3) Combination of both:

 <Entry>
      <Node1></Node1>
      <Node2></Node2>
      <Node5></Node5>
      <Node3></Node3>
      <Node4></Node4>
 </Entry>

The XSD I'm currently using is build off of <xs:sequence> and obviously that is failing. I've tried <xs:any>, <xs:all>, <xs:choice> and none of them seem to validate properly.

The use case for this is as follows: If a developer updates and API that returns the aforementioned XML I do not want to have to create a new XSD and recompile an application to allow for the changes.

Any and all information is greatly appreciated.

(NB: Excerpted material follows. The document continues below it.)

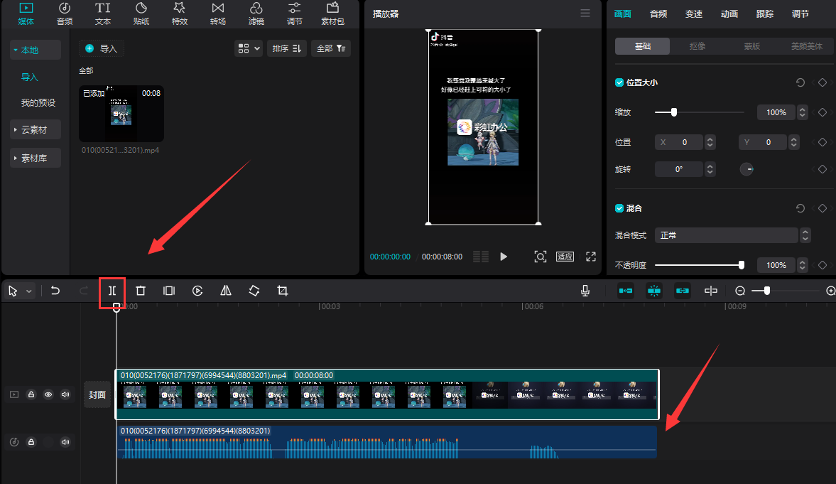 这虽然看起来是一款视频剪辑软件但是音频我们在里面也是可以进行操作的。

Here is the xsd that I'm using for this.

<xs:schema attributeFormDefault="unqualified" elementFormDefault="qualified" xmlns:xs="http://www.w3.org/2001/XMLSchema">
  <xs:element name="APIName">
    <xs:complexType>
      <xs:sequence>
        <xs:element name="entry" maxOccurs="unbounded" minOccurs="0">
          <xs:complexType>
              <xs:element type="xs:string" name="Node1"/>
              <xs:element type="xs:string" name="Node2"/>
              <xs:element type="xs:string" name="Node3"/>
          </xs:complexType>
        </xs:element>
      </xs:sequence>
      <xs:attribute type="xs:string" name="NextPageLink"/>
    </xs:complexType>
  </xs:element>
</xs:schema>

Upvotes: 2

Views: 1150

Answers (3)

Petru Gardea
Petru Gardea

Reputation: 21658

Strictly speaking, you did not provide enough information for someone to reliably answer your question, so I disagree with @Abel 's short answer.

Let's take this schema:

<?xml version="1.0" encoding="utf-8" ?>
<!-- XML Schema generated by QTAssistant/XSD Module (http://www.paschidev.com) -->
<xsd:schema targetNamespace="http://tempuri.org/XMLSchema.xsd" xmlns="http://tempuri.org/XMLSchema.xsd" elementFormDefault="qualified" xmlns:xsd="http://www.w3.org/2001/XMLSchema" xmlns:xtm="http://paschidev.com/schemas/metadata/xtm">
    <xsd:element name="root">
        <xsd:complexType>
            <xsd:sequence>
                <xsd:any minOccurs="0" maxOccurs="unbounded" processContents="lax"/>
            </xsd:sequence>
        </xsd:complexType>
    </xsd:element>
    <xsd:element name="node1" type="xsd:string"/>
    <xsd:element name="node2" type="xsd:int"/>
    <xsd:element name="node3" type="xsd:date"/>
</xsd:schema>

The trick is the processContents="lax" used for an xsd:any. By looking at your test cases, the above would satisfy your requirement: node1, 2, and 3 would properly validate, in any order you might think of arranging them, interspersed or not with new or existing content. I have to warn you that certain type of changes would not work, e.g. changing the content model of a node (node2 from int to string, etc.)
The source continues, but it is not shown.